→ Exercise brief
Below are records; the lines starting at the one with "Bu el yapımı" and ending at the one with "シルクの様な光沢感と軽さの割" must be reproduced exactly, both included. Pictures must not appear.

→ Dataset extract
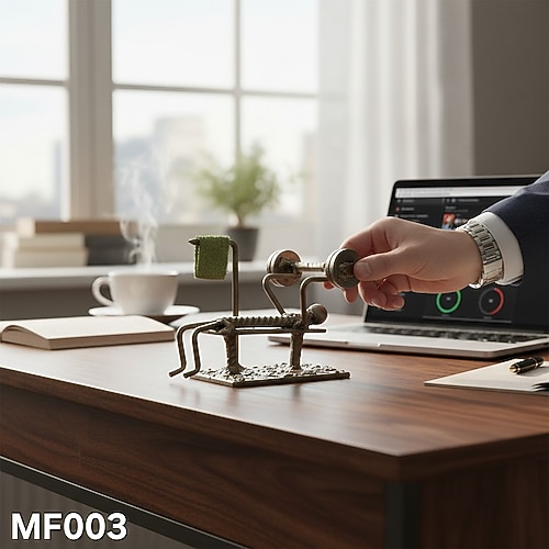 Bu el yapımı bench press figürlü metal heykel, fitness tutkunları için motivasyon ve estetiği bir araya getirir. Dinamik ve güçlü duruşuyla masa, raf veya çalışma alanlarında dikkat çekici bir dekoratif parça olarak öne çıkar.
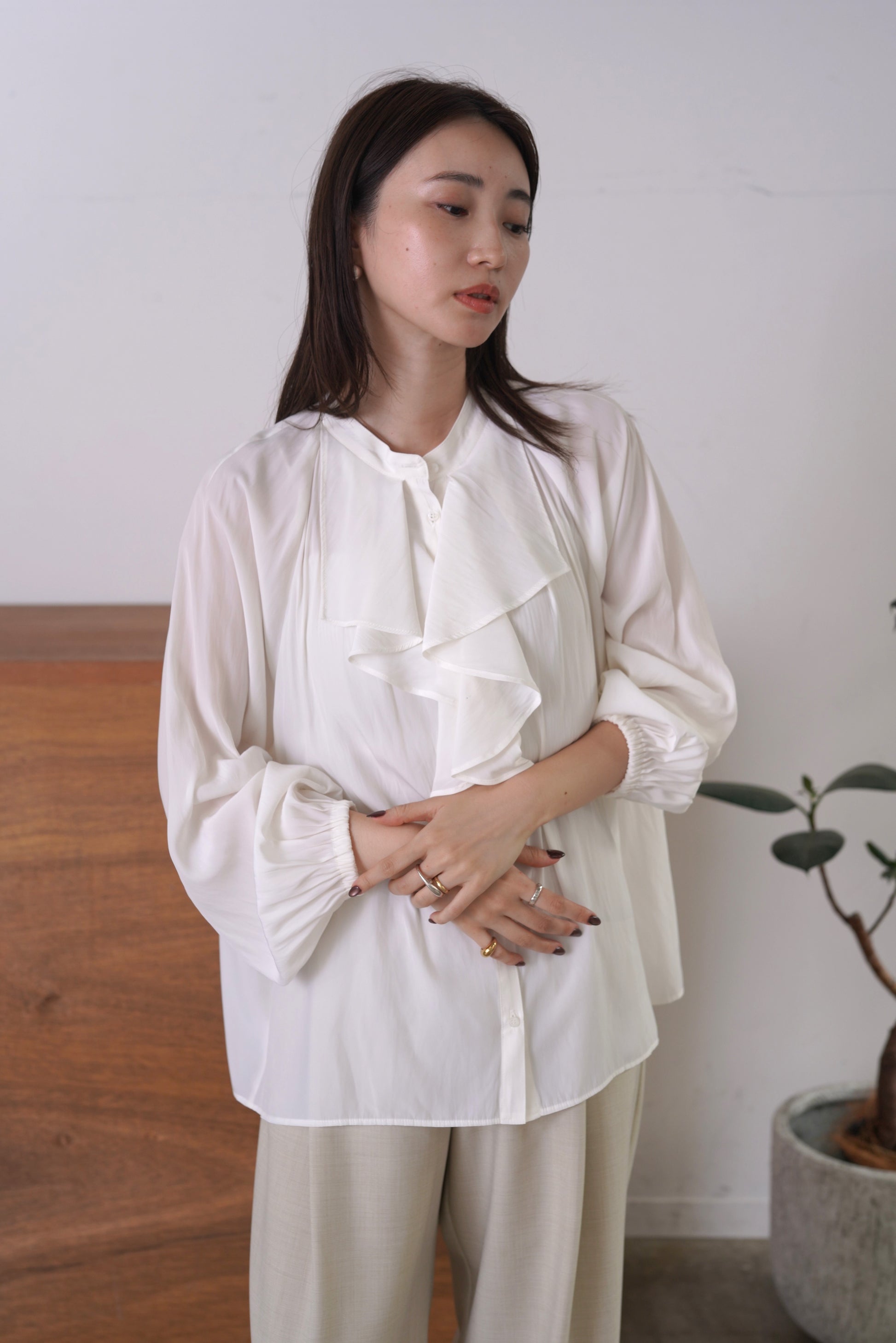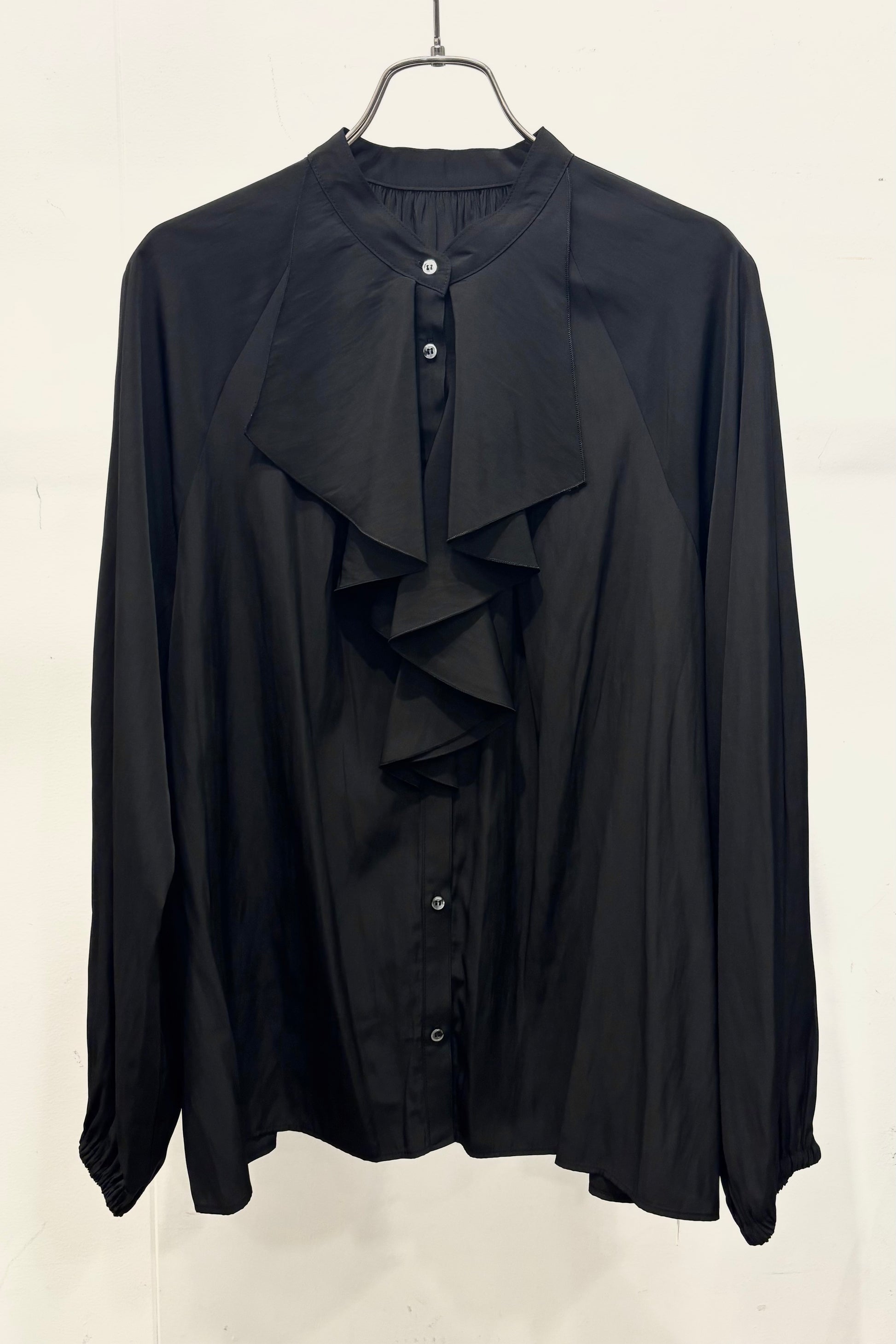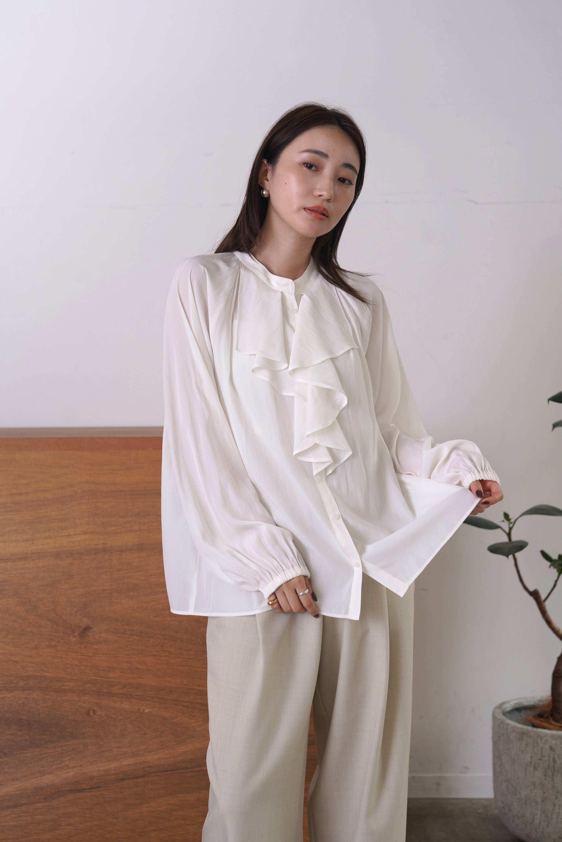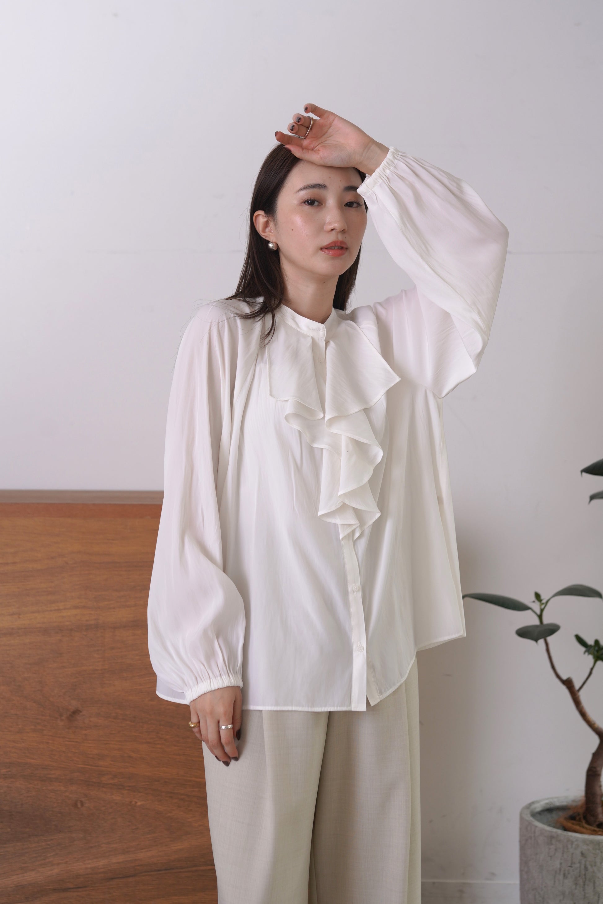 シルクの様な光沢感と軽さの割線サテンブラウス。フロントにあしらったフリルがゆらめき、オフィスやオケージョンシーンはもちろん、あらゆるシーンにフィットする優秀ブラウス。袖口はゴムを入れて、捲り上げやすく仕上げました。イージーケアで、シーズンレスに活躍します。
* * *
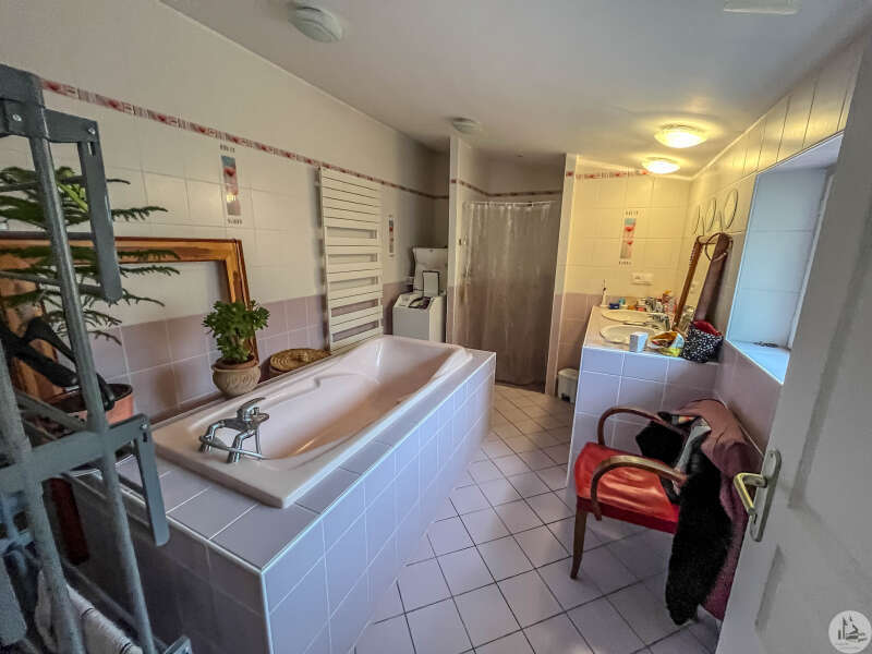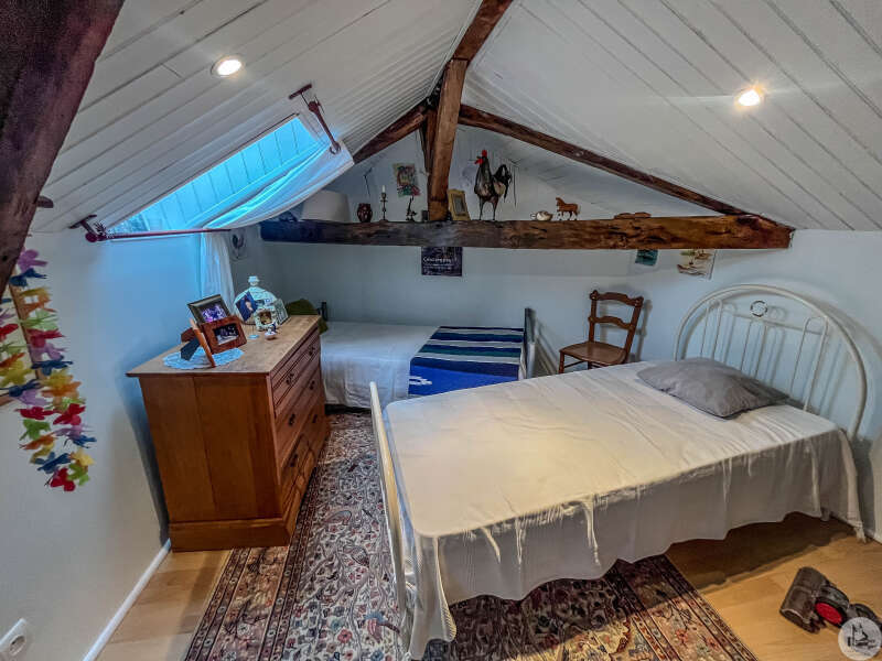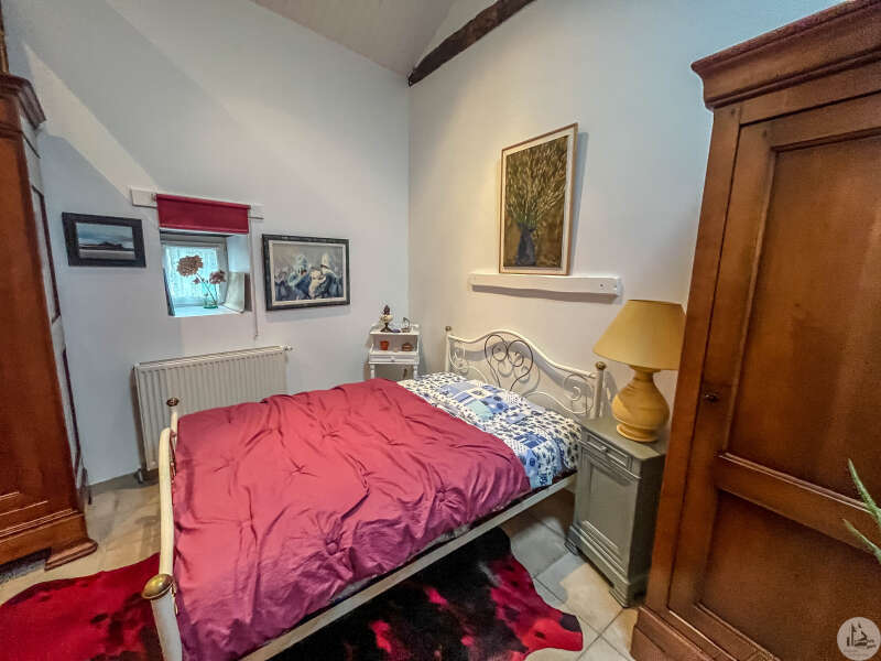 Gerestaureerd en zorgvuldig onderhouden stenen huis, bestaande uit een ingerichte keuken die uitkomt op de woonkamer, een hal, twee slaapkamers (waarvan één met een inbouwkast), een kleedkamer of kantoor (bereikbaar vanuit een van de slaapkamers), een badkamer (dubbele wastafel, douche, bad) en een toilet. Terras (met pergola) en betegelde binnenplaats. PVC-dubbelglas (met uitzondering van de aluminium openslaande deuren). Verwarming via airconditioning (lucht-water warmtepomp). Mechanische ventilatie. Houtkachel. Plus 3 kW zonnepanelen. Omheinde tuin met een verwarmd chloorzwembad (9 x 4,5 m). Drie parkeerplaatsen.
--
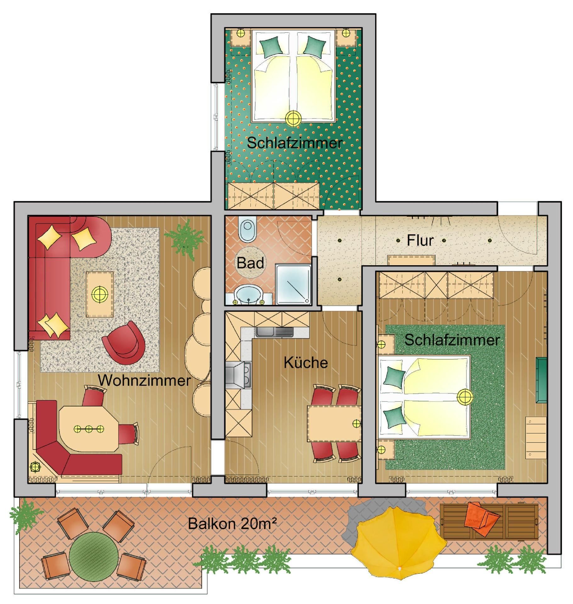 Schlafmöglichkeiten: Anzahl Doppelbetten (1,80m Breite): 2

→ Reply
 Bu el yapımı bench press figürlü metal heykel, fitness tutkunları için motivasyon ve estetiği bir araya getirir. Dinamik ve güçlü duruşuyla masa, raf veya çalışma alanlarında dikkat çekici bir dekoratif parça olarak öne çıkar.
 シルクの様な光沢感と軽さの割線サテンブラウス。フロントにあしらったフリルがゆらめき、オフィスやオケージョンシーンはもちろん、あらゆるシーンにフィットする優秀ブラウス。袖口はゴムを入れて、捲り上げやすく仕上げました。イージーケアで、シーズンレスに活躍します。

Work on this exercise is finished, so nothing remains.